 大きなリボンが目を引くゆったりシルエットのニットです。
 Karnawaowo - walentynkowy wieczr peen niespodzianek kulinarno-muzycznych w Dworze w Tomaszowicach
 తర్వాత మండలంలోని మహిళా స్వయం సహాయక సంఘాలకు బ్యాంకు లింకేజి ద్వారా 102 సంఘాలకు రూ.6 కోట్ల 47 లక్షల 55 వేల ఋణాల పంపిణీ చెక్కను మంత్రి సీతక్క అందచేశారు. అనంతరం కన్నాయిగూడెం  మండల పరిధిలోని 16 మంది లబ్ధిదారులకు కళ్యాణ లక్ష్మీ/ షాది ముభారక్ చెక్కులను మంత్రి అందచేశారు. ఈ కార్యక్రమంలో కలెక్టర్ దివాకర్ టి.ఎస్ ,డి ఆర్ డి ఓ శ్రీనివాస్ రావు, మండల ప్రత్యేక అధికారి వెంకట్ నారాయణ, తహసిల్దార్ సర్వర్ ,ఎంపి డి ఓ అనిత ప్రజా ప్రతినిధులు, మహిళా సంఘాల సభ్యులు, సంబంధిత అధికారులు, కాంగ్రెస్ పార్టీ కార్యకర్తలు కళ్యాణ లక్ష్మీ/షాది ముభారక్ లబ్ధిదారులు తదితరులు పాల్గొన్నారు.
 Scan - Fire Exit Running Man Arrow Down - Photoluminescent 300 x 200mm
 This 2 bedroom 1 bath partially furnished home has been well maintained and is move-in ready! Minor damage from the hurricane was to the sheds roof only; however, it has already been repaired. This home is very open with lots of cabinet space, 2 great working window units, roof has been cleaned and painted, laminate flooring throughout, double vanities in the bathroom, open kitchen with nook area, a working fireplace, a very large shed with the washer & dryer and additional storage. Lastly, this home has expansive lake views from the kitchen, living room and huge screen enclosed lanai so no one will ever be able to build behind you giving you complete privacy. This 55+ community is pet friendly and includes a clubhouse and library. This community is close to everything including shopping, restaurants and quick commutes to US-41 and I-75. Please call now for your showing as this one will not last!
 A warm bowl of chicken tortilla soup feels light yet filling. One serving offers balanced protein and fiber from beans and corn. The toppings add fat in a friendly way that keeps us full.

────────────────────────────────────────

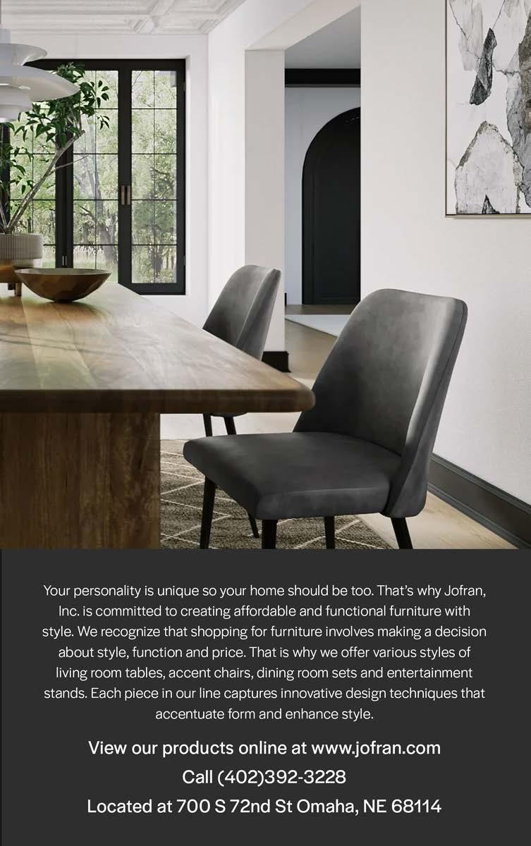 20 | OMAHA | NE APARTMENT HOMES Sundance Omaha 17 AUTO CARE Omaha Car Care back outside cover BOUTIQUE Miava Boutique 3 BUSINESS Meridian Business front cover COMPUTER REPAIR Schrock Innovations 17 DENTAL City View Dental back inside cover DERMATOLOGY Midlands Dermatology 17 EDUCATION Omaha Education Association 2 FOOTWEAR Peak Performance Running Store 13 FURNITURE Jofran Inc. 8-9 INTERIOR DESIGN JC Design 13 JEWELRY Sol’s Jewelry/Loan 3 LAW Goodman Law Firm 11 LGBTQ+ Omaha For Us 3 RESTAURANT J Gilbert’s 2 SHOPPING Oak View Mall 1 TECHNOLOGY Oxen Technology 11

────────────────────────────────────────

**What this task involves**: Copy out the lines above exactly, beginning at the one that contains "తర్వాత మండలంలోని మహిళా" and ending at the one that contains "Scan - Fire".

**Result for this task**:
 తర్వాత మండలంలోని మహిళా స్వయం సహాయక సంఘాలకు బ్యాంకు లింకేజి ద్వారా 102 సంఘాలకు రూ.6 కోట్ల 47 లక్షల 55 వేల ఋణాల పంపిణీ చెక్కను మంత్రి సీతక్క అందచేశారు. అనంతరం కన్నాయిగూడెం  మండల పరిధిలోని 16 మంది లబ్ధిదారులకు కళ్యాణ లక్ష్మీ/ షాది ముభారక్ చెక్కులను మంత్రి అందచేశారు. ఈ కార్యక్రమంలో కలెక్టర్ దివాకర్ టి.ఎస్ ,డి ఆర్ డి ఓ శ్రీనివాస్ రావు, మండల ప్రత్యేక అధికారి వెంకట్ నారాయణ, తహసిల్దార్ సర్వర్ ,ఎంపి డి ఓ అనిత ప్రజా ప్రతినిధులు, మహిళా సంఘాల సభ్యులు, సంబంధిత అధికారులు, కాంగ్రెస్ పార్టీ కార్యకర్తలు కళ్యాణ లక్ష్మీ/షాది ముభారక్ లబ్ధిదారులు తదితరులు పాల్గొన్నారు.
 Scan - Fire Exit Running Man Arrow Down - Photoluminescent 300 x 200mm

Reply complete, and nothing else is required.